Harvest Fellowship Church

Is love limitless? Is there no limit to where love will go, be, or do? Does love ever say, “this far and no more?” I would contend that true love does. 

I find that boundaries and limits are actually loving in nature. One of the most loving things you can say to a child is ‘no’. Or no further. We see this practically in fenced-off yards. Why the fence? To keep a boundary between your child and the street or the loose dog that’s wandering around. We say ‘no’ to eating only chocolate all day long. (ok, most days) We know that limiting the amount of sweets, fats, and foods high in cholesterol will help produce a body that isn’t sick.  It’s not loving to ourselves or others to continually eat junk. 

We have limits, set boundaries, and make rules for ourselves and the ones we have authority over. Why? Because we are mean tyrants who don’t allow any fun? No; because of love.
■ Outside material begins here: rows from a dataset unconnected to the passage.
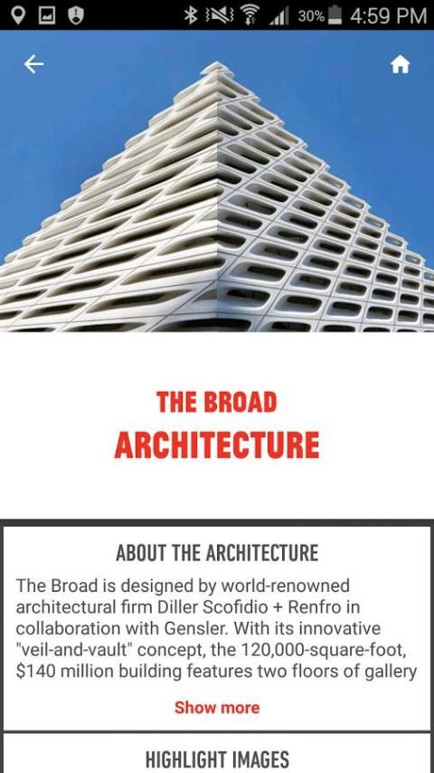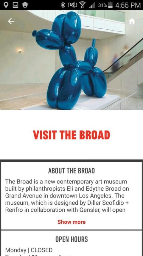 The Broad’s free mobile app was developed to enhance the museum experience by offering audio, video, and descriptive text about the collection, artworks and artists on view, as well as free self-guided audio tours. Visitors also can use The Broad’s free mobile app to reserve, view, and redeem their museum tickets.
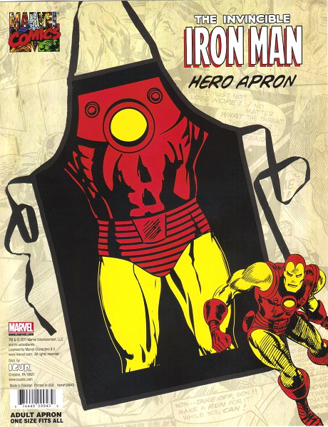 This is a black, red and yellow polyester adult apron featuring the body image of Marvel Comics superhero Iron Man on the front. This is a new, unworn apron still in its original packaging stored in a smoke and pet free environment.
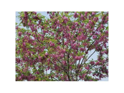 香花槐: 1、苗鑒別方法目前市場售出的假香花槐苗木大致有以下三種: a.紅花洋槐替代香花槐 紅花洋槐與香花槐的花冠同是蝶形,紫紅色,紅花槐每年開一次花,結莢果,用刺槐做砧木嫁接而成。香花槐每年開兩次花,不結莢果,用根段繁殖。 b.香花槐嫁接苗 用香花槐枝條做接穗與刺槐苗作砧木嫁接苗。這類苗木可直接用于工程綠化,但不能做繁殖用。如用該苗的種根繁殖出的苗木全部是刺槐苗。 c.用刺槐或紫穗槐苗摻假。 刺槐苗的刺大而堅硬,紫穗槐無刺,而香花槐有少量小刺。
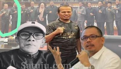 Pengamat Kebijakan Publik Rawa El Amady, (kanan) dan Pengamat Kota Pekanbaru, Masril Ardi serta background Poto bersama 14 anggota dewan ikut rapat paripurna malam kemerdekaan.(Poto/ist/Satuju.com).
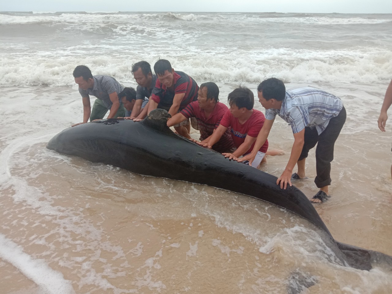 Qua kiểm tra, con cá heo có chiều dài 3,7m, cân năng hơn 3 tạ, sức khỏe tốt, nhưng do biển động, sóng lớn, cá bị mắc cạn không tự bơi ra biển. Sau một thời gian trợ giúp đắc lực của người dân, cá heo đã được thả về với môi trường tự nhiên.
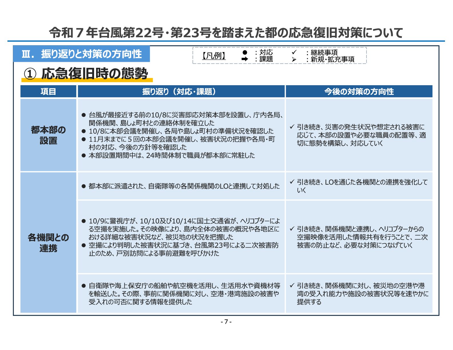 13. 令和7年11月12日 総 務 局 令和7年台風第22号・第23号を踏まえた都の応急復旧対策について - 7 - Ⅲ.振り返りと対策の方向性 項目
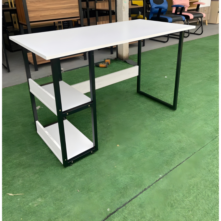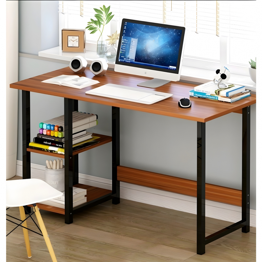 Thiết kế bàn có kệ bên hông tiện lợi, giúp sắp xếp sách vở, tài liệu, thùng đồ hoặc phụ kiện làm việc gọn gàng, tối ưu không gian sử dụng mà không chiếm thêm diện tích. Thanh giằng ngang phía sau giúp tăng độ cứng và ổn định cho toàn bộ bàn.

We don’t have to be harsh, aka ‘unloving’, in the dispensation of the rules. But, it’s certainly not wrong to set them and enforce them.  And it’s not that we don’t understand or have compassion when people break them or go beyond the limits. What child hasn’t touched the proverbial hot stove even when mom said, ‘you shouldn’t do that?” Like Christ, we welcome those who go beyond the limits and return, with love. Very similar to the story of the prodigal son who realized that when he lived beyond his father’s limits, he was starving to death- longing to eat the food he was feeding to pigs. He humbled himself and returned home to his father. His father ran to him, embraced him, and killed the fattened calf upon his return.  

What does true, real love look like? The bible teaches God is love. And he sent Jesus to live that love perfectly.  Jesus literally personified love.  Was Jesus’s love limitless? On one hand Jesus’ love for sinners was limitless in how he reached out to meet them where they were. He ate with them when no one else would. He showed them dignity and compassion when others wanted to only throw stones. He ultimately died for them, and all of us who have ever crossed one of the boundaries His Father set in place out of love (that’s all of us).   

But one thing he didn’t do: agree with their sin – their decisions to leave the boundary His father set. After healing people, Jesus would often say, “Go now, and leave your life of sin.” (see John 8:11) In doing so, he was upholding the fact that His father’s boundaries were good. Why? Because they offered life and protection and healing. His father’s boundaries were made in love because he literally knows what is the best path for us, his creation.

It seems people today are doing their hardest job to either redefine the boundaries God gave out of love. Or to try to make a version of God based on their own desires (re-create the boundary-maker in their own image to suit their desires). Or lastly, redefine love as having no boundaries….which is well…unloving. Oh, that we would return to the Father of our souls and his loving boundaries, and live!